● **STORED DATA**
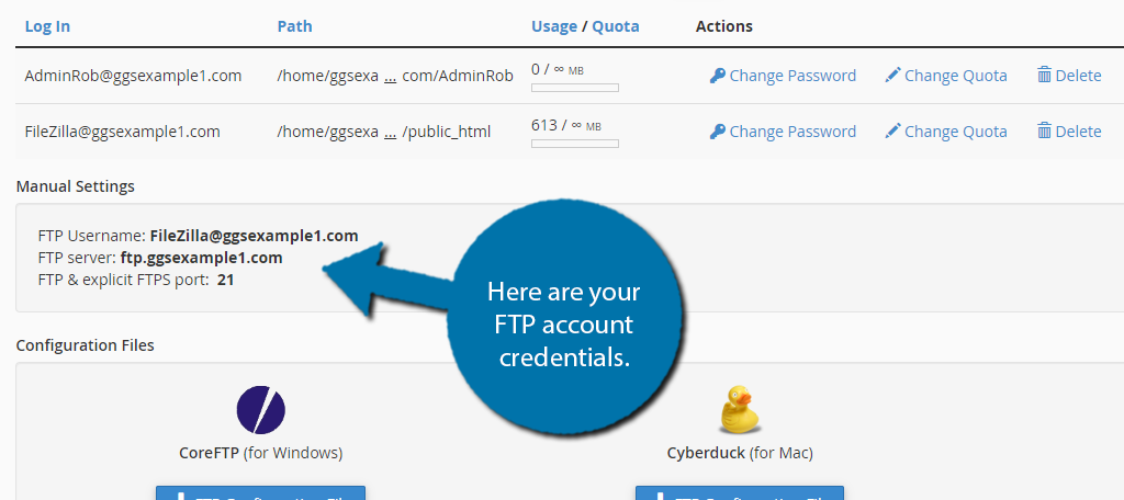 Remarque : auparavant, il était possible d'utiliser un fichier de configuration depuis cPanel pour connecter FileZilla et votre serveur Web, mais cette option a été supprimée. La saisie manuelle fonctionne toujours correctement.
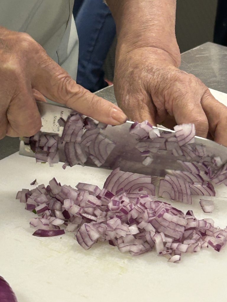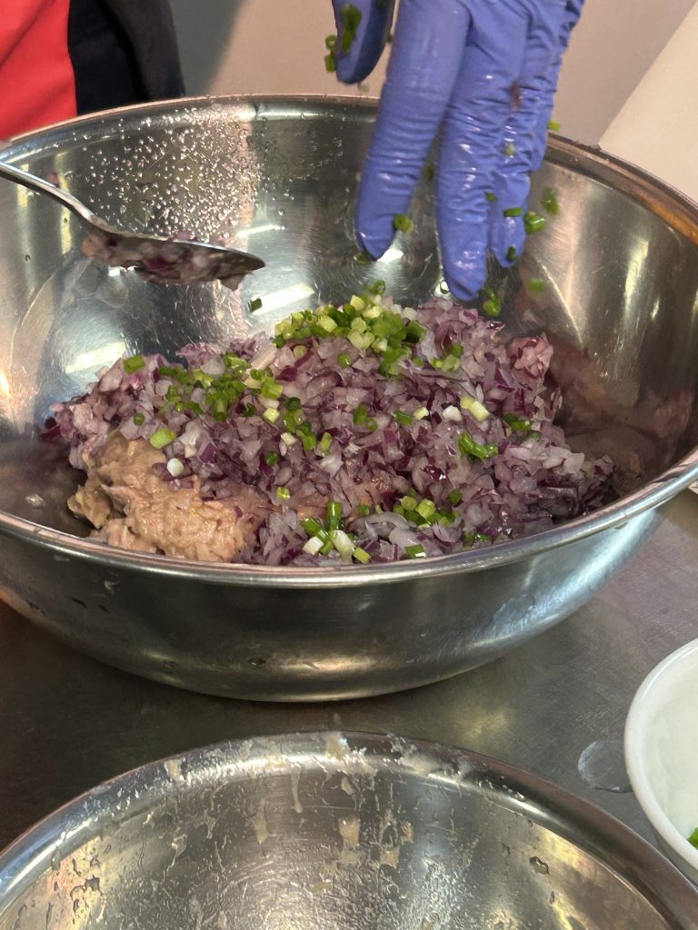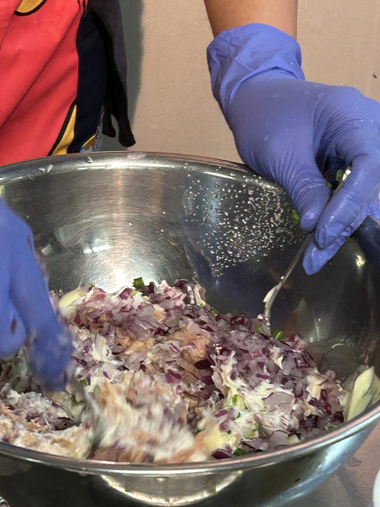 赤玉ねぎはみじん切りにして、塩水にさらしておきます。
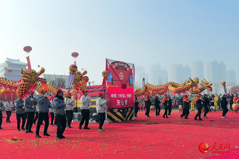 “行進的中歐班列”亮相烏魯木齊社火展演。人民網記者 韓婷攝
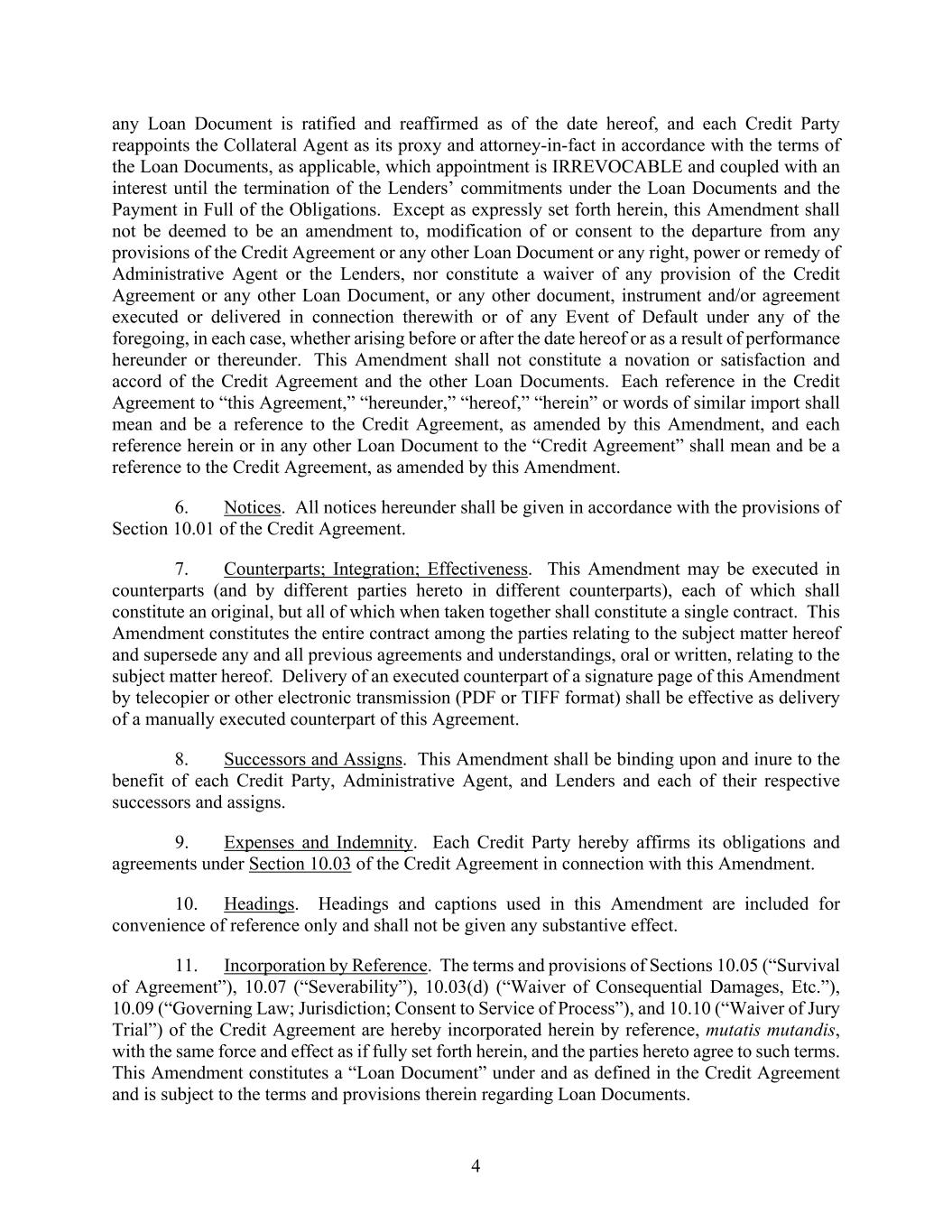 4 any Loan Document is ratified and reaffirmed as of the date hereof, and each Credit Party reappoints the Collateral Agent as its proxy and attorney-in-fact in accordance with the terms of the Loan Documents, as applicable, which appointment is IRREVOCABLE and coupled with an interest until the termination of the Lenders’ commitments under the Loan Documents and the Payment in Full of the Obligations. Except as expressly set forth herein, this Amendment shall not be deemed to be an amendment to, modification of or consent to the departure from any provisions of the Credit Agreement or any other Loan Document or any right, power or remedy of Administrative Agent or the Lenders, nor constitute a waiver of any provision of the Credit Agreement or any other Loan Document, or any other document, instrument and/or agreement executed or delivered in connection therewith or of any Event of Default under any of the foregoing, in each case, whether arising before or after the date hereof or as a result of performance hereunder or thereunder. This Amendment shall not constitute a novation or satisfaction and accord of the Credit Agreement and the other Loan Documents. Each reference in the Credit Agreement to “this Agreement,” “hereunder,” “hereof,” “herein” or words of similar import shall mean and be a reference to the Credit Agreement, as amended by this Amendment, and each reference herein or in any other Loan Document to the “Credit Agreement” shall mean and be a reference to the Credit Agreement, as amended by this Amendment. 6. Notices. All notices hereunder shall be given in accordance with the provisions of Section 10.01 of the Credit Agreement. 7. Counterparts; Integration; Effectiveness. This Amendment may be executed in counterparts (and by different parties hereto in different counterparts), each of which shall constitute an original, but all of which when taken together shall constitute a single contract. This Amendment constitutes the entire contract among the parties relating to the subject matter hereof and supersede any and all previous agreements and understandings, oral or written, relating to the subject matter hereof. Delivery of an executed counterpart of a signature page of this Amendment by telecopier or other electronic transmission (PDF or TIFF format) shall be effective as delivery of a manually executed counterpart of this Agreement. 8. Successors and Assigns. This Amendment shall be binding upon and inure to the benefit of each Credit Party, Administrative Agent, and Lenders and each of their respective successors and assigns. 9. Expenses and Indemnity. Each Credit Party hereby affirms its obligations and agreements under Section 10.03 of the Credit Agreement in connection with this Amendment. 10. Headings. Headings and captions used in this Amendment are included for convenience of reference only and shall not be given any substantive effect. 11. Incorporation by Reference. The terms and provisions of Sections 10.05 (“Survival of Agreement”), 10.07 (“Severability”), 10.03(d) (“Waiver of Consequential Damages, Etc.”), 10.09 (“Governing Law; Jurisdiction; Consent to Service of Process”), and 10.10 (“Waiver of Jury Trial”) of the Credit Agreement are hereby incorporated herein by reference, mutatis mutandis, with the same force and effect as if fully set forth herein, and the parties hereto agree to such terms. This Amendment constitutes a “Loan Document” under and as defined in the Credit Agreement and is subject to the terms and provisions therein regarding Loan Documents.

● **TASK DIRECTIONS**
Restate all the material verbatim; omit every picture.

● **OUTPUT FOR THIS TASK**
 Remarque : auparavant, il était possible d'utiliser un fichier de configuration depuis cPanel pour connecter FileZilla et votre serveur Web, mais cette option a été supprimée. La saisie manuelle fonctionne toujours correctement.
 赤玉ねぎはみじん切りにして、塩水にさらしておきます。
 “行進的中歐班列”亮相烏魯木齊社火展演。人民網記者 韓婷攝
 4 any Loan Document is ratified and reaffirmed as of the date hereof, and each Credit Party reappoints the Collateral Agent as its proxy and attorney-in-fact in accordance with the terms of the Loan Documents, as applicable, which appointment is IRREVOCABLE and coupled with an interest until the termination of the Lenders’ commitments under the Loan Documents and the Payment in Full of the Obligations. Except as expressly set forth herein, this Amendment shall not be deemed to be an amendment to, modification of or consent to the departure from any provisions of the Credit Agreement or any other Loan Document or any right, power or remedy of Administrative Agent or the Lenders, nor constitute a waiver of any provision of the Credit Agreement or any other Loan Document, or any other document, instrument and/or agreement executed or delivered in connection therewith or of any Event of Default under any of the foregoing, in each case, whether arising before or after the date hereof or as a result of performance hereunder or thereunder. This Amendment shall not constitute a novation or satisfaction and accord of the Credit Agreement and the other Loan Documents. Each reference in the Credit Agreement to “this Agreement,” “hereunder,” “hereof,” “herein” or words of similar import shall mean and be a reference to the Credit Agreement, as amended by this Amendment, and each reference herein or in any other Loan Document to the “Credit Agreement” shall mean and be a reference to the Credit Agreement, as amended by this Amendment. 6. Notices. All notices hereunder shall be given in accordance with the provisions of Section 10.01 of the Credit Agreement. 7. Counterparts; Integration; Effectiveness. This Amendment may be executed in counterparts (and by different parties hereto in different counterparts), each of which shall constitute an original, but all of which when taken together shall constitute a single contract. This Amendment constitutes the entire contract among the parties relating to the subject matter hereof and supersede any and all previous agreements and understandings, oral or written, relating to the subject matter hereof. Delivery of an executed counterpart of a signature page of this Amendment by telecopier or other electronic transmission (PDF or TIFF format) shall be effective as delivery of a manually executed counterpart of this Agreement. 8. Successors and Assigns. This Amendment shall be binding upon and inure to the benefit of each Credit Party, Administrative Agent, and Lenders and each of their respective successors and assigns. 9. Expenses and Indemnity. Each Credit Party hereby affirms its obligations and agreements under Section 10.03 of the Credit Agreement in connection with this Amendment. 10. Headings. Headings and captions used in this Amendment are included for convenience of reference only and shall not be given any substantive effect. 11. Incorporation by Reference. The terms and provisions of Sections 10.05 (“Survival of Agreement”), 10.07 (“Severability”), 10.03(d) (“Waiver of Consequential Damages, Etc.”), 10.09 (“Governing Law; Jurisdiction; Consent to Service of Process”), and 10.10 (“Waiver of Jury Trial”) of the Credit Agreement are hereby incorporated herein by reference, mutatis mutandis, with the same force and effect as if fully set forth herein, and the parties hereto agree to such terms. This Amendment constitutes a “Loan Document” under and as defined in the Credit Agreement and is subject to the terms and provisions therein regarding Loan Documents.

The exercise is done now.